> _INFORMATION GIVEN_:
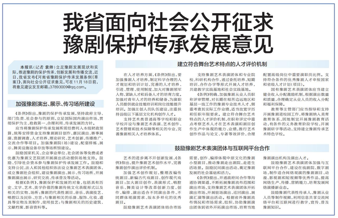 立足豫剧发展现状和实际,推进豫剧的保护传承、创新发展和传播交流,近日,我省发布《河南省豫剧保护传承发展条例(草案)》,面向社会公开征求意见,可在11月18日前,将意见建议发至邮箱:37893009@qq.com。(今日《郑州日报》8版)
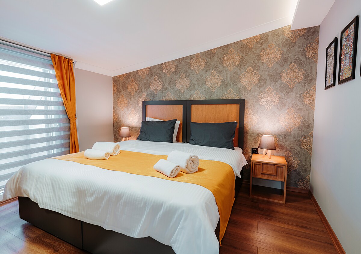 Questo appartamento nuovo e pulito, che si trova in una posizione centrale dove poter soggiornare in pace con la propria famiglia con tutti i suoi articoli, è al servizio dei nostri ospiti. Nota: i nostri appartamenti sono adatti per la famiglia, È necessario essere una famiglia o un requisito matrimoniale. Non sono accettati uomini e donne single. Accettati a condizione che siano gruppi di amici (almeno tre uomini o tre donne).
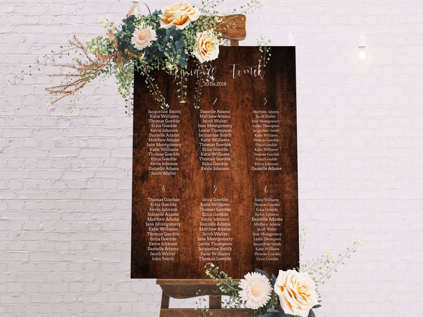 Oryginalna, sztywna i elegancka tablica, na której znajdują się listy gości usadzonych przez Was przy danym stole. Ustawiona przy wejściu pomoże gościom w odnalezieniu swojego miejsca na sali.
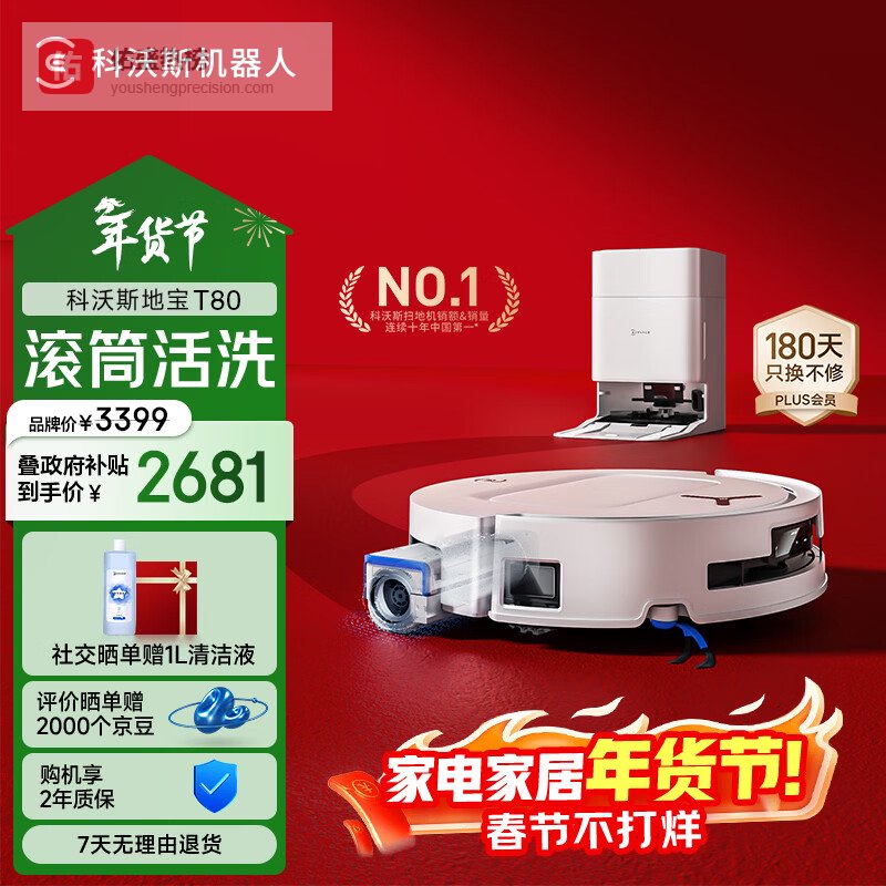 【京东自营】科沃斯T80扫地机器人扫拖洗烘一体自动清洗滚筒洗地机器人智能语音水箱版¥
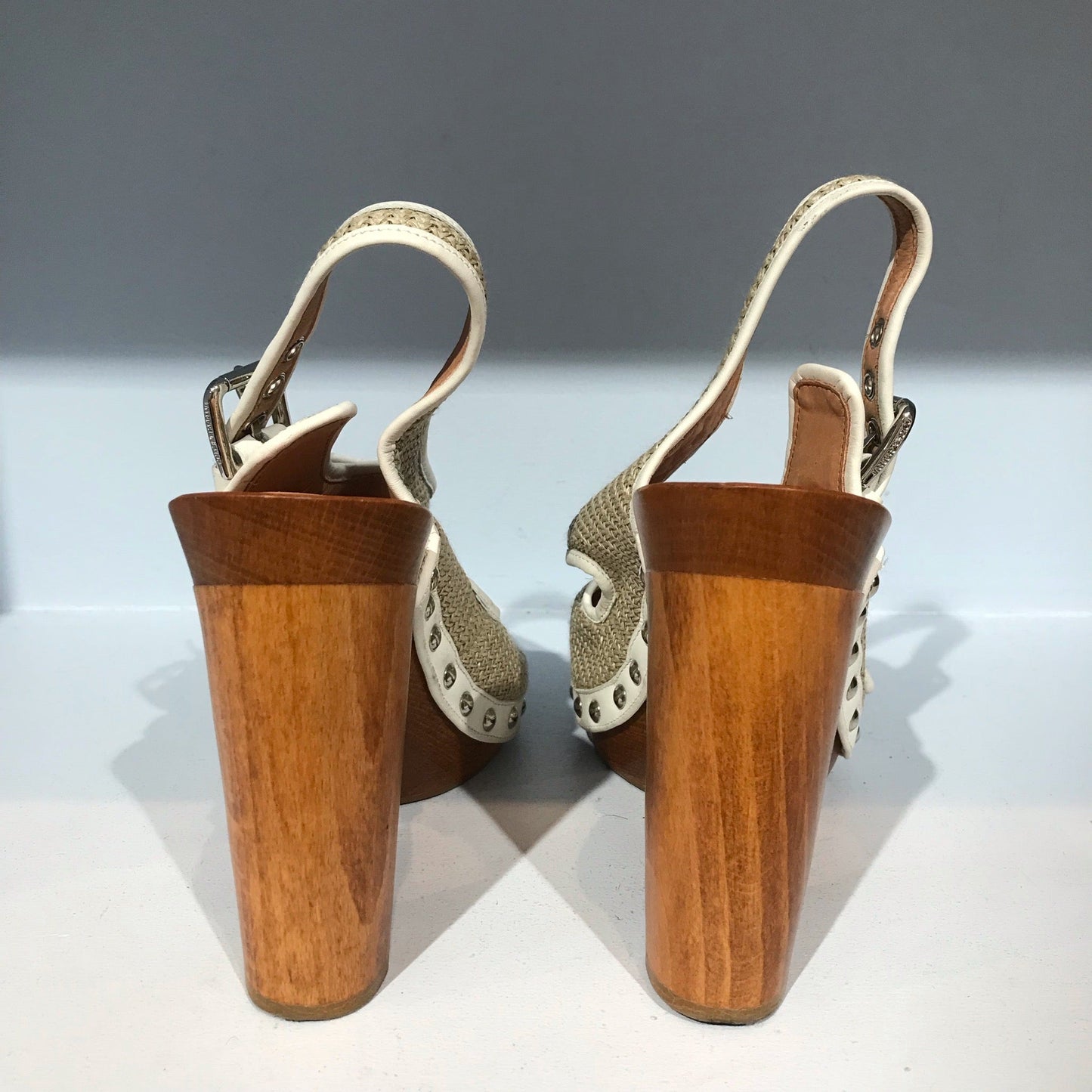 Sandales sabots en cuir blanc et raphia beige. Boucles décoratives et ajustables.
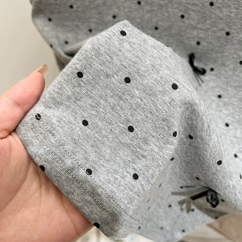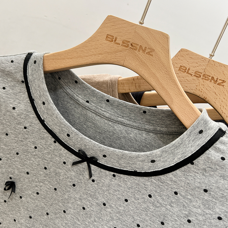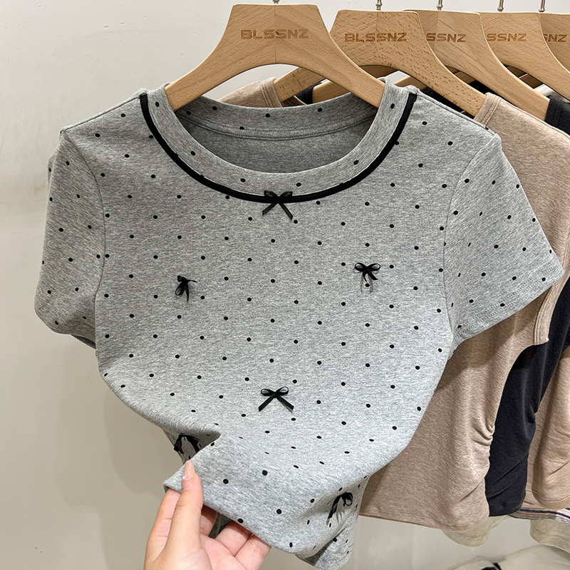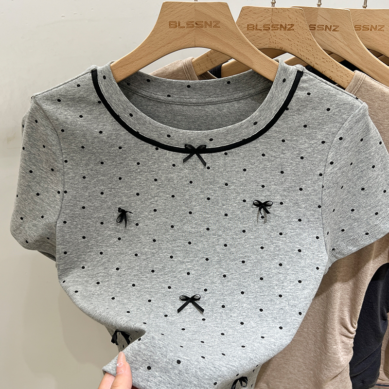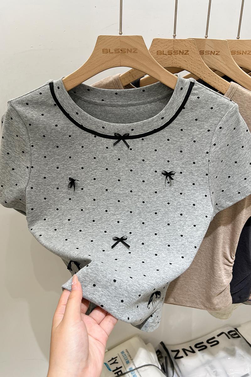 Real-Price Real Shot #Grey 폴카 도트 보우 스트레이트 어깨 어깨 짧은 슬리브 티셔츠 여름에 여성을위한 작은 슬림 짧은 상단
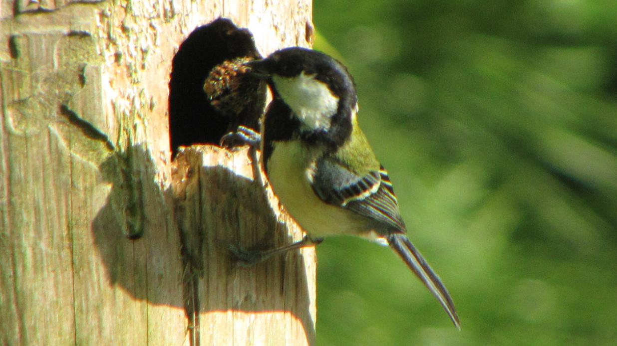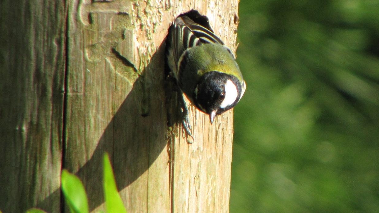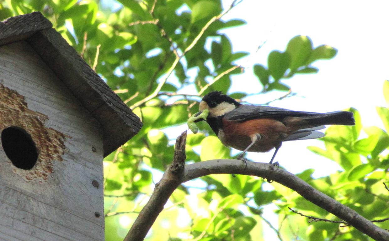 県民の森、日本庭園スポットです。巣箱を利用していたシジュウカラは巣立っています。ヤマガラの方は、一部巣立った感じで、時おり親がエサを運んでいます。

> _EXERCISE OBJECTIVE_:
I need the lines from the line holding "Sandales sabots en" through the end of the material, inclusive, restated word for word and without pictures.

> _RESPONSE TO THE EXERCISE_:
 Sandales sabots en cuir blanc et raphia beige. Boucles décoratives et ajustables.
 Real-Price Real Shot #Grey 폴카 도트 보우 스트레이트 어깨 어깨 짧은 슬리브 티셔츠 여름에 여성을위한 작은 슬림 짧은 상단
 県民の森、日本庭園スポットです。巣箱を利用していたシジュウカラは巣立っています。ヤマガラの方は、一部巣立った感じで、時おり親がエサを運んでいます。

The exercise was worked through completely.